**Provided records**
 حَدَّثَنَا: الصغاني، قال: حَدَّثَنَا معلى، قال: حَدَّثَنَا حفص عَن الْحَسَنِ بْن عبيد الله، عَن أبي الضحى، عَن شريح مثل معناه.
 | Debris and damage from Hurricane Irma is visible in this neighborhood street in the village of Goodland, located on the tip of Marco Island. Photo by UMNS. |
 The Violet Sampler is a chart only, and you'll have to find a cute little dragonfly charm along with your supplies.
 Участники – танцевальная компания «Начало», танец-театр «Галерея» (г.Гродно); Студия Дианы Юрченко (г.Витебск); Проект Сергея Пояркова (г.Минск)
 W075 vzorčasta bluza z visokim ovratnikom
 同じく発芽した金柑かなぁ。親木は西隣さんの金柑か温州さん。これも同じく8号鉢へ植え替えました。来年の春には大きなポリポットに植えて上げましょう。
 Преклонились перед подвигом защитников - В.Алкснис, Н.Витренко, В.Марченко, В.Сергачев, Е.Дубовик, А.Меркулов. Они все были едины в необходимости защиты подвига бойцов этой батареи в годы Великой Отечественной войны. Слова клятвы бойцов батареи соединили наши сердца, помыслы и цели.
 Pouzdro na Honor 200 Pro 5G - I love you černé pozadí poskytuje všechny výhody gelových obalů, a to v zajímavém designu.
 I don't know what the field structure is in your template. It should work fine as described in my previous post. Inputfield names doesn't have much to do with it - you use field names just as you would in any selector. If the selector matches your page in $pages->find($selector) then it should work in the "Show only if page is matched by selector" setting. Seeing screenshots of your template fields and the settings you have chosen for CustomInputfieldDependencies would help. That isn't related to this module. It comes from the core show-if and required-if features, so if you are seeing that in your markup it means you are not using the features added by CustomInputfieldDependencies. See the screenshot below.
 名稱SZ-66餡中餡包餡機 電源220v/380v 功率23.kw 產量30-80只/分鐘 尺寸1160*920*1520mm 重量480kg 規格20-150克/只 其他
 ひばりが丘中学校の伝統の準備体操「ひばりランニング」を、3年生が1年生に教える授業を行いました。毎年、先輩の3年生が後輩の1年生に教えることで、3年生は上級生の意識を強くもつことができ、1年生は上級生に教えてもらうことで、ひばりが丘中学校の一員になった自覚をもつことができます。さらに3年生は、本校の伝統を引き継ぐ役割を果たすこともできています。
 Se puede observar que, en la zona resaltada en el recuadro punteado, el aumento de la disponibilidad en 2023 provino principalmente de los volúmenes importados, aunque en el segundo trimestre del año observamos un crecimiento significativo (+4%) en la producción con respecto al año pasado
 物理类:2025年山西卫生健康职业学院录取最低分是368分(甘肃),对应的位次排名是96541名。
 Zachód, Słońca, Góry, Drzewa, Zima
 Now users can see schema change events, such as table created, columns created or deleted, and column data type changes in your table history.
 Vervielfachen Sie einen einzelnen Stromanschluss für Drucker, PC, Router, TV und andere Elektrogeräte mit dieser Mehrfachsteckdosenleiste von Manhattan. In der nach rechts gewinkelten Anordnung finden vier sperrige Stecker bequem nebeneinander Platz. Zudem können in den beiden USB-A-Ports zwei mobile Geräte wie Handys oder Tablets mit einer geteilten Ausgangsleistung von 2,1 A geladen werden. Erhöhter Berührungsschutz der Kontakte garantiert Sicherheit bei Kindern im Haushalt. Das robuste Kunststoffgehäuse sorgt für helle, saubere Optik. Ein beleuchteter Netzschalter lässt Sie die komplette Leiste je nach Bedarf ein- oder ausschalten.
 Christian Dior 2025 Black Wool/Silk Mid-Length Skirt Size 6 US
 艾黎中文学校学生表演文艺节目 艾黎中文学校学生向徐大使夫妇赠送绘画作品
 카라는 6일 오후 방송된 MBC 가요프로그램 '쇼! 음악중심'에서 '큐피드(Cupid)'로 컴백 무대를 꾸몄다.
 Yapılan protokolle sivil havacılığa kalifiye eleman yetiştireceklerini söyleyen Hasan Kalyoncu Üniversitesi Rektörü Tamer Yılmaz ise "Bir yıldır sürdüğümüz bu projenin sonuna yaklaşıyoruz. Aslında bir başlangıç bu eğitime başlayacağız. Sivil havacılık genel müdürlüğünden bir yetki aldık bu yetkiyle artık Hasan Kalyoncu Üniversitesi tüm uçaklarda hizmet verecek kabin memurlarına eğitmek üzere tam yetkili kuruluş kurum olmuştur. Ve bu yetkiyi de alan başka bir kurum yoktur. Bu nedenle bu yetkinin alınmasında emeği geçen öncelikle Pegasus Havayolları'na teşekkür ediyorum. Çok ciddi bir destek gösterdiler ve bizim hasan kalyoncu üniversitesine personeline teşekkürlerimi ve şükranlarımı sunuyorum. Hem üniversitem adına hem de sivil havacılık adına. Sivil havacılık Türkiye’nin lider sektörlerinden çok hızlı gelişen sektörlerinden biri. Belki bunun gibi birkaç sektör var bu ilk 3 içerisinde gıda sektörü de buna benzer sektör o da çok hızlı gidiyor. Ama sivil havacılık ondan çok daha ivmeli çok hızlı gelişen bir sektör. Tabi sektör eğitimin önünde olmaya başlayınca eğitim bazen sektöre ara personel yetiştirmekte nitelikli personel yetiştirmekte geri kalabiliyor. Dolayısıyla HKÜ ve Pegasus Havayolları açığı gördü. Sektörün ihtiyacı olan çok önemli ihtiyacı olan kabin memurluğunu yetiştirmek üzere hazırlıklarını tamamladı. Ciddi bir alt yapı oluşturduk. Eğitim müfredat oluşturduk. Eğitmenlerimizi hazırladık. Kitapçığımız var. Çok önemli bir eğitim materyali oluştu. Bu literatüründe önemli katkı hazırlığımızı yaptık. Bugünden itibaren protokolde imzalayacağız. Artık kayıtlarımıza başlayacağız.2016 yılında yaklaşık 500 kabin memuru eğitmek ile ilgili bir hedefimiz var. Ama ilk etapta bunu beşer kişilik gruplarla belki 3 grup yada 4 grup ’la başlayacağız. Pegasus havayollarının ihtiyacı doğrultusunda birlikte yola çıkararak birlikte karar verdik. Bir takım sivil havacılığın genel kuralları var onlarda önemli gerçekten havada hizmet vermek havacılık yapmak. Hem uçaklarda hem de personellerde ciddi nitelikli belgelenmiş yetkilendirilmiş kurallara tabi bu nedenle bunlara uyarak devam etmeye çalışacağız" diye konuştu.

**Description of the task**
All that belongs in the answer is the run of lines above from the line containing "Преклонились перед подвигом" through the line containing "物理类:2025年山西卫生健", exactly as written.

**Your response**
 Преклонились перед подвигом защитников - В.Алкснис, Н.Витренко, В.Марченко, В.Сергачев, Е.Дубовик, А.Меркулов. Они все были едины в необходимости защиты подвига бойцов этой батареи в годы Великой Отечественной войны. Слова клятвы бойцов батареи соединили наши сердца, помыслы и цели.
 Pouzdro na Honor 200 Pro 5G - I love you černé pozadí poskytuje všechny výhody gelových obalů, a to v zajímavém designu.
 I don't know what the field structure is in your template. It should work fine as described in my previous post. Inputfield names doesn't have much to do with it - you use field names just as you would in any selector. If the selector matches your page in $pages->find($selector) then it should work in the "Show only if page is matched by selector" setting. Seeing screenshots of your template fields and the settings you have chosen for CustomInputfieldDependencies would help. That isn't related to this module. It comes from the core show-if and required-if features, so if you are seeing that in your markup it means you are not using the features added by CustomInputfieldDependencies. See the screenshot below.
 名稱SZ-66餡中餡包餡機 電源220v/380v 功率23.kw 產量30-80只/分鐘 尺寸1160*920*1520mm 重量480kg 規格20-150克/只 其他
 ひばりが丘中学校の伝統の準備体操「ひばりランニング」を、3年生が1年生に教える授業を行いました。毎年、先輩の3年生が後輩の1年生に教えることで、3年生は上級生の意識を強くもつことができ、1年生は上級生に教えてもらうことで、ひばりが丘中学校の一員になった自覚をもつことができます。さらに3年生は、本校の伝統を引き継ぐ役割を果たすこともできています。
 Se puede observar que, en la zona resaltada en el recuadro punteado, el aumento de la disponibilidad en 2023 provino principalmente de los volúmenes importados, aunque en el segundo trimestre del año observamos un crecimiento significativo (+4%) en la producción con respecto al año pasado
 物理类:2025年山西卫生健康职业学院录取最低分是368分(甘肃),对应的位次排名是96541名。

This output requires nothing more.